Far Cry 2 director Clint Hocking once coined the term "ludonarrative dissonance," which was a fancy way of describing when a player's motive differed from the character's. For example, in Sleeping Dogs, the character wants to prevent crime in Hong Kong, while the player wants their version of an undercover agent to run around in their underwear wreaking havoc. Hutchinson is going for this enigmatic tone because he wants a narrative just serious enough that it can have an emotional impact, but just outlandish enough to not be at odds with the fact that it's a game about murdering hundreds of people while riding elephants. Serious people doing outlandish things, indeed.
"In the end, your player story is of reclaiming space," Hutchinson says, drawing a parallel between the game's narrative theme and player-driven mayhem. "Your personal narrative as well will be linked with that... You won't have the sort of saving your buddies on one hand, but secretly conquering the country and taking over... All these things should intersect and lead you to your eventual conflict toward Pagan."
"The best story in Far Cry is the story you tell yourself and finding ways to get out of the way of that is kind of the goal. For me the narrative cutscenes and narrative backbone is there to give you new stuff, open the world up, then kind of get out of the way. To give flavour to it. But it's kind of more of a scenario than a linear plot."
This is all well and good, but how will Far Cry 4 differentiate itself from the glut of other open-world Ubisoft games that notoriously follow the same template? "Far Cry's at its best when it's systemic and I think it still is the best collection of systems that allow the player to express themselves," explains Hutchinson. "So I think it's the cleanest version of that."
"I think that this time around it's the fact that you can bring your best friend along for the ride will be a huge differentiating factor," he adds, noting the game's new addition to the franchise with co-op. As we've written about elsewhere, Far Cry 4's co-op will be available to those who don't even own the game, provided they download a free client first. Having played a small sample of this where I rode an elephant into a base while my partner, represented by Far Cry 3's resident troublemaker Hurk, approached things by a rickety one-man helicopter. Too bad it was his first time flying, so he instantly crashed his vessel before gliding in with his wingsuit. The crazy nut.

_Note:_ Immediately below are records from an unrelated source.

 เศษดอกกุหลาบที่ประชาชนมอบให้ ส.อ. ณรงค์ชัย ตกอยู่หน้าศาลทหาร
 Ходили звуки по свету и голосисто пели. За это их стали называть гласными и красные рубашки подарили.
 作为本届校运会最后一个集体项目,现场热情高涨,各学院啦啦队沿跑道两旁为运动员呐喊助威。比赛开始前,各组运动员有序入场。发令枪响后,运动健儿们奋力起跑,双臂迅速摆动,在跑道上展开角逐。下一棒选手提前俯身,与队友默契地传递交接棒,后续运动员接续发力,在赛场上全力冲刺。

Co-op is probably Far Cry 4's biggest addition to the franchise, but it's not the only one. Rideable elephants are certainly a marquee feature, though they don't alter the dynamic as much as you may think. Still, they can toss foes around with their trunks, while you ride shotgun on their backs with an actual shotgun, which is always fun - if not the most effective method of liberating an enemy outpost. The new helicopter is definitely a standout new toy that's slightly harder to manoeuvre than you'd expect - in a good way. Its height advantage is obvious, but it's also a very clear target for your foes, so it's not exactly the win-all vehicle you might think. This makes it no less fun to use, however.

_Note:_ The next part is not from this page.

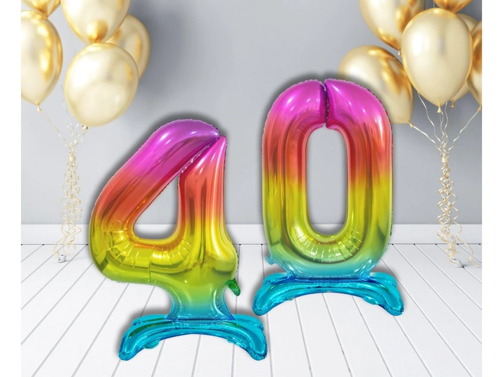 Ożyw urodzinową dekorację wolnostojącymi balonami foliowymi w kształcie cyfry. Chociaż są droższe niż klasyczne balony lateksowe, ich zaletą jest jakość i nieprzepuszczalność. Wolnostojący balon foliowy ma tę zaletę, że będzie stał tam, gdzie go postawisz. Nadmuchiwane balony foliowe wytrzymują kilka miesięcy bez większych zmian.

Far Cry 4's mechanic and design additions are pretty natural evolutions of the series with co-op joining new vehicles and animals to ride. But its most interesting new feature is also its most subtle as its slight variation on tone gives this latest rendition in Ubisoft's open-world franchise the kick it needs to set itself apart from the dreary glut of open-world clones flooding the marketplace. On the surface this might look like the Far Cry you've played before, but even in its fifth iteration (I'm counting Far Cry 3's standalone DLC Blood Dragon here), this series is finding ways to keep things fresh, exciting, and audacious. Now, how 'bout you and me hop on some elephants and tear s*** up?